Figure 3. Long term cerebral small vessel disease after preeclampsia.

Legend: A 47-year-old woman with diabetes, hypertension, active tobacco use and history of preterm preeclampsia presented with left sided weakness and cognitive complaints. Magnetic resonance imaging of the brain with and without contrast showed an acute lacunar infarct in the right internal capsule on diffusion weighted images (A), patchy subcortical white matter hyperintensities on fluid-attenuated inversion recovery sequences (B, C), and no contrast enhancement (D). Additional studies including lumbar puncture showed no evidence of demyelinating disease or other inflammatory etiology. She was diagnosed with ischemic stroke and white matter changes due to cerebral small vessel disease.

Gaps in knowledge and future directions.

Many questions remain regarding the effects of PE on the maternal brain, and there is an urgent need for more basic, translational and clinical research in this area.

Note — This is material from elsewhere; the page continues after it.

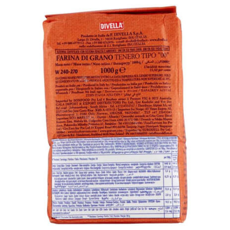 A Divella Farina Tipo „00” per Pizza egy kiváló minőségű, finomra őrölt lágy búzaliszt, amelyet kifejezetten pizzatészták készítéséhez fejlesztettek ki. Ideális választás közepes kelesztési idejű tésztákhoz, biztosítva a kívánt rugalmasságot és könnyű textúrát.

Characterizing molecular mechanisms of neurovascular unit dysfunction in preeclampsia.

PE clearly causes NVU dysfunction, but the cellular mechanisms are not well understood. While measures of cerebral hemodynamics have been shown to be disrupted in PE, it remains uncertain whether BBB dysfunction in PE is the cause, or the effect, of disrupted cerebral autoregulation. In other words, does impaired autoregulation lead to hyperperfusion at blood pressures below the threshold of normal autoregulatory limits, thus overcoming the BBB due to increased cerebral perfusion pressure? Or does increased BBB permeability permit leakage of toxic factors into the brain parenchymal microenvironment, causing neuroinflammation, impairment of neurovascular signaling and subsequent loss of autoregulation? What is the role of VEGF and VEGF inhibitors in the development of PE-related BBB dysfunction, and how does neuroinflammation interact with these factors? A complex and as-yet poorly characterized interaction between inflammatory cytokines and BBB and autoregulatory impairment may underlie PE-related NVU dysfunction, leading to both immediate and long-term cerebrovascular disease.

Predicting cerebrovascular complications in the immediate postpartum period.

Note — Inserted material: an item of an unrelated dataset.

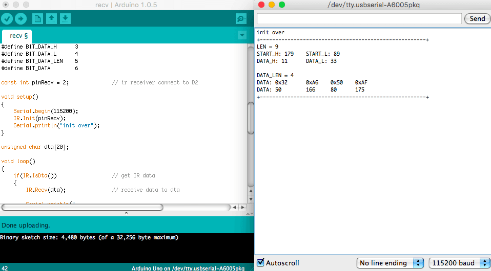 Now open the example file of "recv" : File --> Sketchbook --> libraries --> IRSendRev --> recv.

Most maternal strokes occur in the first 2 weeks postpartum, often after women have been discharged home following delivery. While risk factors associated with postpartum stroke have been identified, there are currently no biomarkers or screening tools to predict which women with PE may be at higher risk for developing this rare, but disastrous complication. Future research is needed to develop screening tools to identify which women are at highest risk of postpartum stroke. The role of genetics and/or genomics in PE-associated cerebrovascular complications remains unexplored.

Identifying and preventing long-term sequelae of preeclampsia.

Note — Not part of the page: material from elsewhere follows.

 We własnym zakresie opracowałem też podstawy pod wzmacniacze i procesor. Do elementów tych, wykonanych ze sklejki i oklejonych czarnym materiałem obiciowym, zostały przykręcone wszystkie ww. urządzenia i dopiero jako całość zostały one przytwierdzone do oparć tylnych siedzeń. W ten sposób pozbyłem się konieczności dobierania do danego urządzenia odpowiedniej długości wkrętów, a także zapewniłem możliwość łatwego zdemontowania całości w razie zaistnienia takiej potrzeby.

Increasing evidence supports that PE is independently associated with long-term cerebrovascular disease in women.^10,25,114 More uncertain is whether PE is an early marker for higher baseline risk in susceptible women, or whether PE itself causes lasting vascular damage in the brain. Regardless of whether PE is a marker or a precipitant of cerebrovascular disease, there is a vital need to develop early preventive strategies. Not least of these is education of the public and the medical community regarding the need to engage women with their health after a pregnancy complicated by PE. PE is not currently incorporated into cardiovascular risk calculators, and most women are unaware of their increased risk. Stroke is now the third leading cause of death in US women,¹¹⁵ and cerebrovascular disease is increasingly recognized as a major contributor to dementia. Clinical trials are needed to test strategies for the primary and secondary prevention of cerebrovascular disease in women after PE. Establishing robust cross-disciplinary collaborations between researchers in maternal medicine, cardiovascular disease and vascular neuroscience will be critical to future efforts to reduce the burden of cerebrovascular disease in women after PE.